Esas No: 2015/23194
Karar No: 2016/747
Karar Tarihi: 26.01.2016
Yargıtay 10. Hukuk Dairesi 2015/23194 Esas 2016/747 Karar Sayılı İlamı
"İçtihat Metni"
Mahkemesi :İş Mahkemesi
Ödeme emrinin iptali davasının bozma ilamına uyularak yapılan yargılaması sonunda; ilamda yazılı nedenlerle davanın reddine ilişkin hükmün süresi içinde duruşmalı temyizen incelenmesi, davacı avukatı tarafından istenilmesi üzerine, dosya incelenerek, işin duruşmaya tabi olduğu anlaşılmış ve duruşma için 26.01.2016 Salı günü tayin edilerek taraflara çağrı kağıdı gönderilmişti. Duruşma günü davacı adına Av. S... C.. K... ile karşı taraf adına Av. A...B... geldiler. Duruşmaya başlanarak, hazır bulunan avukatların sözlü açıklamaları dinlendikten sonra duruşmaya son verilerek aynı günde Tetkik Hakimi tarafından dosya incelendi, gereği konuşulup düşünüldü:
1- Dosyadaki bilgi ve belgelere göre, asıl prim borçlusu anonim şirket tarafından Kuruma olan borçlarını 6552 sayılı Kanuna göre tecil/yapılandırmak için 10.11.2014 tarihinde başvuru yapıldığı ve davacı vekilinin yapılandırmanın devam ettiğini iddia ettiği anlaşılmaktadır. Mahkemece, prim borçlusu şirketin yapılandırma başvurusunda bulunmasının davacının sorumluluğunun etkilenmeyeceği gerekçesiyle davanın reddine karar verilmiştir.

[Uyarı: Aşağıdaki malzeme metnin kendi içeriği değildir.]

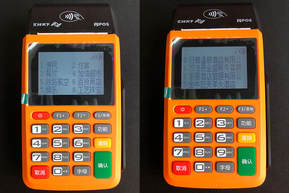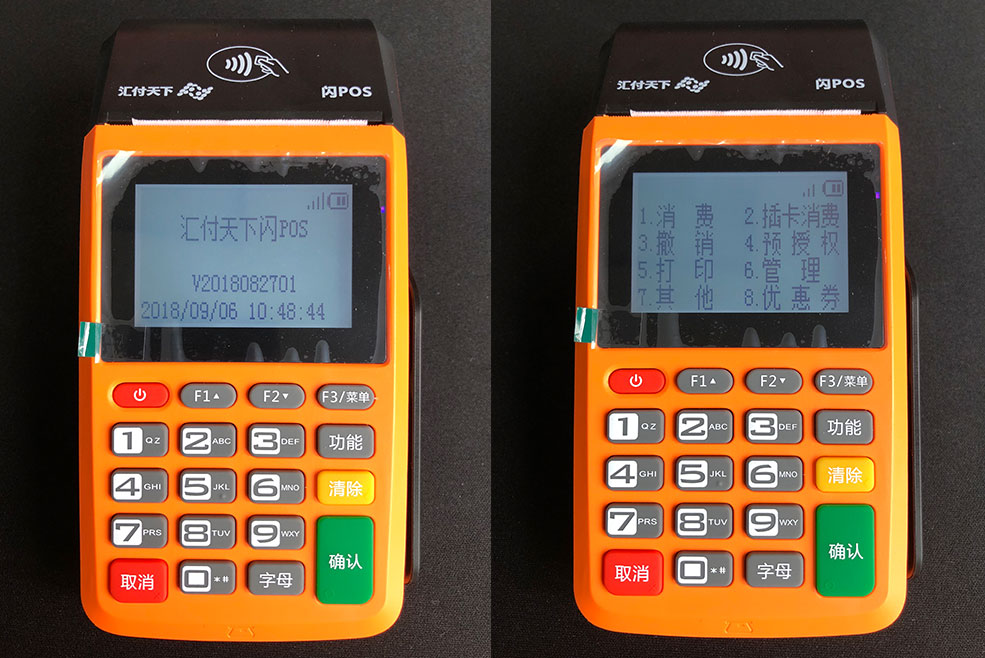 l 在闪POS终端上依次点击【确认】、【1.消费】,输入交易金额,即可交易
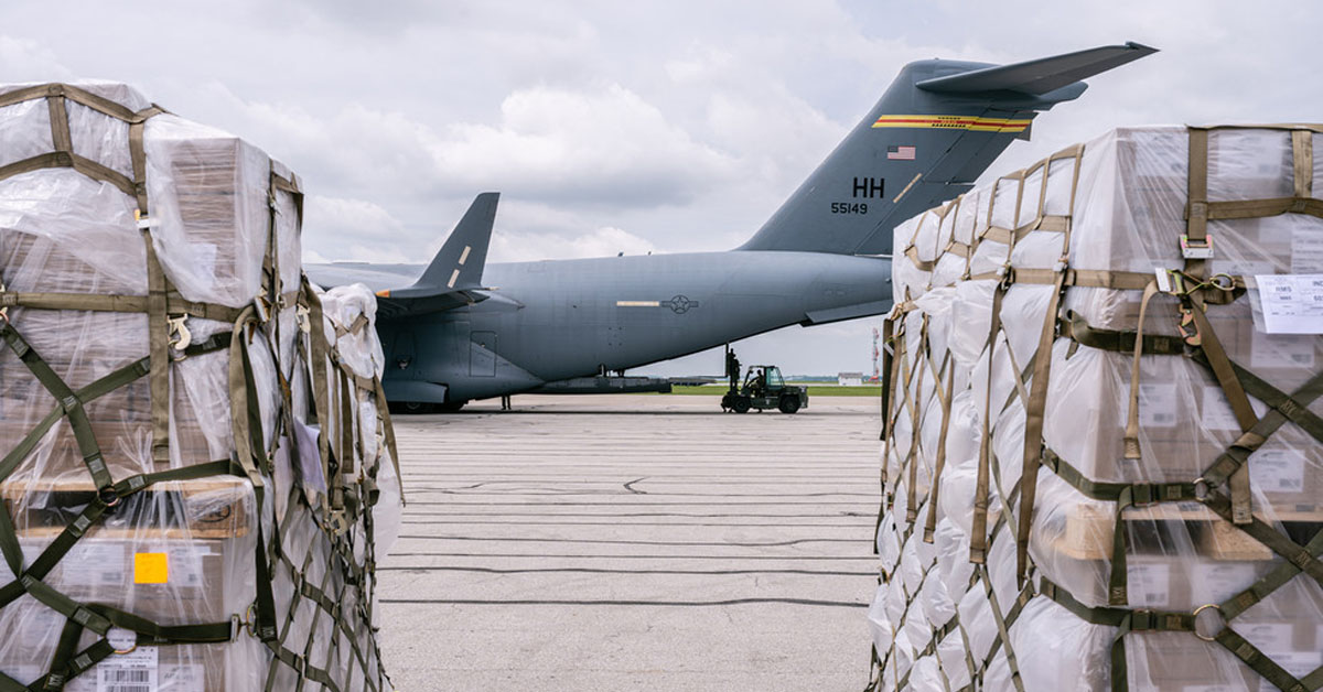The US military has flown a C-17 aircraft loaded with 70,000lb (31,751kg) of Swiss Nestle baby formula to Indianapolis from...
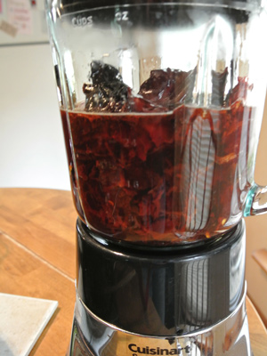 Remove dried chiles from water to a blender.  Add 2 cups of the steeped chile water, sauteed onions and roasted garlic to the blender and puree until you have thick rich sauce.  Strain the sauce to remove the skin and leftover seeds.
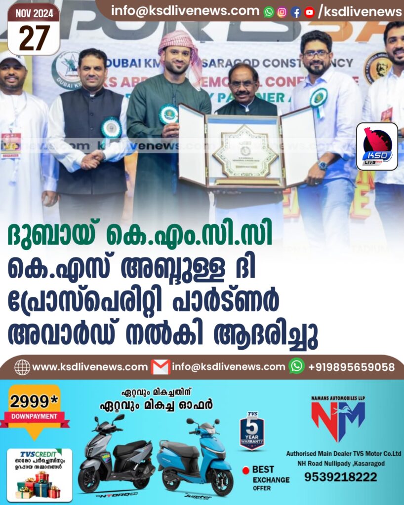 ദുബായ് കെ.എം.സി.സി കെ.എസ് അബ്ദുള്ള ദി പ്രോസ്പെരിറ്റി പാർട്ണർ അവാർഡ് നൽകി ആദരിച്ചു
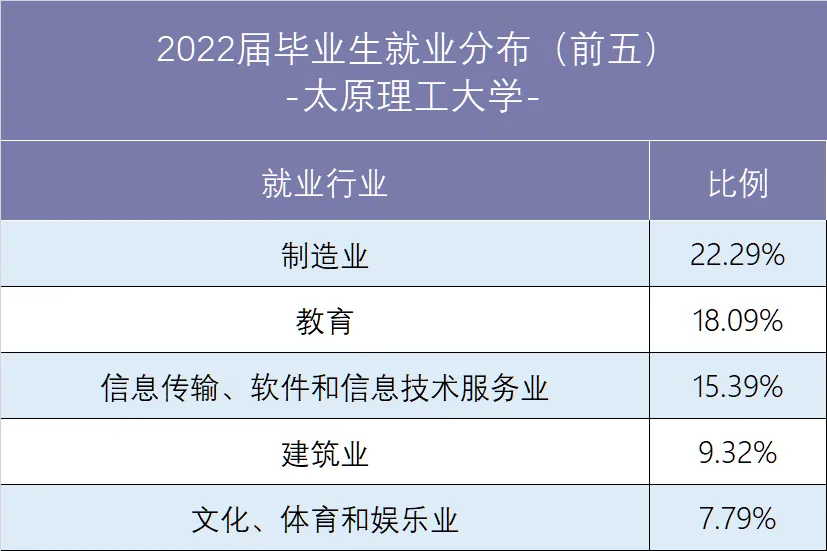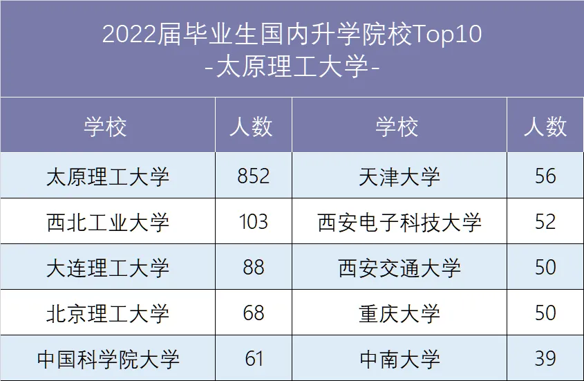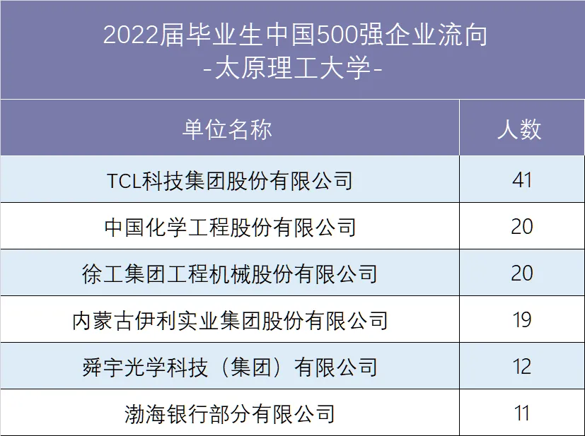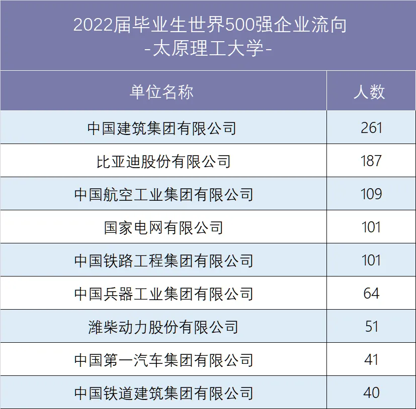 太原理工大学2022届毕业生共9971人, 其中本科毕业生7763人,硕士研究生2155人,博士研究生53人。截至2022年12月27日, 2022届毕业生整体就业率为90.07%, 其中本科毕业生就业率为88.11%, 硕士毕业生就业率为97.03%, 博士毕业生就业率为94.34%。有2463人选择在国内继续深造,包括本科毕业生2443人,占本科毕业生人数的31.47%,硕士毕业生200人,占硕士研究生人数的9.28%。134人选择出国、出境深造,其中本科毕业生125人,占本科毕业生人数的1.61%,硕士毕业生9人。占硕士研究生人数的0.42%。出国、出境毕业生中97人升入QS前100高校,占比72.39%。2022届“签劳动合同形式就业”和“签就业协议形式就业”的毕业生中,有31.49%的毕业生就职于世界级中国500强企业。世界500强企业流向详见下表:1997年,太原工业大学与直属于国家煤炭工业部的山西矿业学院(始建于1958年)合并,组建太原理工大学,同年跻身国家“211工程”重点建设大学行列。2017年,学校入选国家“双一流”建设高校。
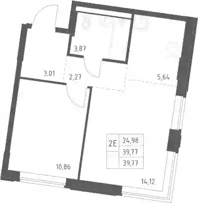 12 636 143 ₽2-к.квартира, 39.77 м², 1 эт.
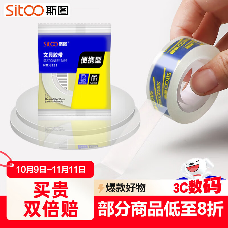 包邮 斯图(sitoo)透明胶带 12mm*30y1卷 高粘小胶带 小号隐形封口胶条 学生文具 办公用品 凑单 学习用品
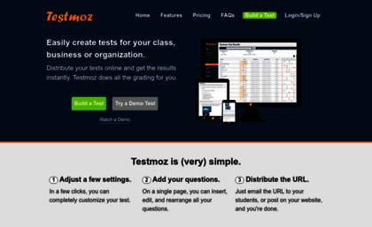 Testmoz.com website. Testmoz - Powerful but Simple Test Generator.

Bu aşamada, davaya konu ödeme emri içeriğini teşkil eden prim borçlarının tecili/yapılandırılması halinde, eldeki davanın konusuz kalıp kalmayacağı; başka bir anlatımla, tecil/yapılandırma üzerine, “esas hakkında karar verilmesine yer olmadığına” karar verilip verilemeyeceğinin değerlendirilmesi gerekir.
Bazı hallerde dava devam ederken, dava açılmasından sonra meydana gelen (dava konusu alacağın ödenmesi gibi) bir nedenle dava konusu ortadan kalkabilir.
Davanın konusuz kalması halinde, artık dava hakkında yargılama yapılmasına ve hüküm verilmesine gerek kalmaz. Başka bir deyişle, her iki tarafın da davanın esası hakkında karar verilmesinde hukuki yararı kalmamış demektir. Bu halde, mahkemece, davanın konusunun kalmaması nedeniyle karar verilmesine yer olmadığına karar verilir.
Bu çerçevede; asıl prim borçlusu anonim şirket tarafından istenen borçlarının tecili/yapılandırmasının davaya konu ödeme emrindeki prim borçlarını içermesi ve anlaşmanın geçerli hale gelmesi durumunda; tecil/yapılandırmaya konu icra takiplerinden Kurumun vazgeçmesi durumu söz konusu olacağından, tecil/yapılandırma talebinin dava konusu borcu kapsayıp kapsamadığı, geçerli hale gelip gelmediği, buna bağlı olarak ortada prim borcu bulunup bulunmadığı ve yapılandırma kapsamında ödeme bulunması halinde ödenmeyen borç tutarı araştırılıp, davanın konusuz kalıp kalmadığı irdelenerek, sonucuna göre karar verilmesi gerekirken; şirket yapılandırmasının davacının sorumluluğunu etkilemeyeceğinden bahisle yazılı şekilde hüküm kurulması, usul ve yasaya aykırı olup, bozma nedenidir.
O hâlde, davacı avukatının bu yönleri amaçlayan temyiz itirazları kabul edilmeli ve hüküm bozulmalıdır.
SONUÇ: Temyiz edilen hükmün yukarıda açıklanan nedenlerle BOZULMASINA, davacı avukatı yararına takdir edilen 1.350,00 TL duruşma avukatlık parasının davalıya yükletilmesine, temyiz harcının istem halinde davacıya iadesine, 26.01.2016 gününde oybirliğiyle karar verildi.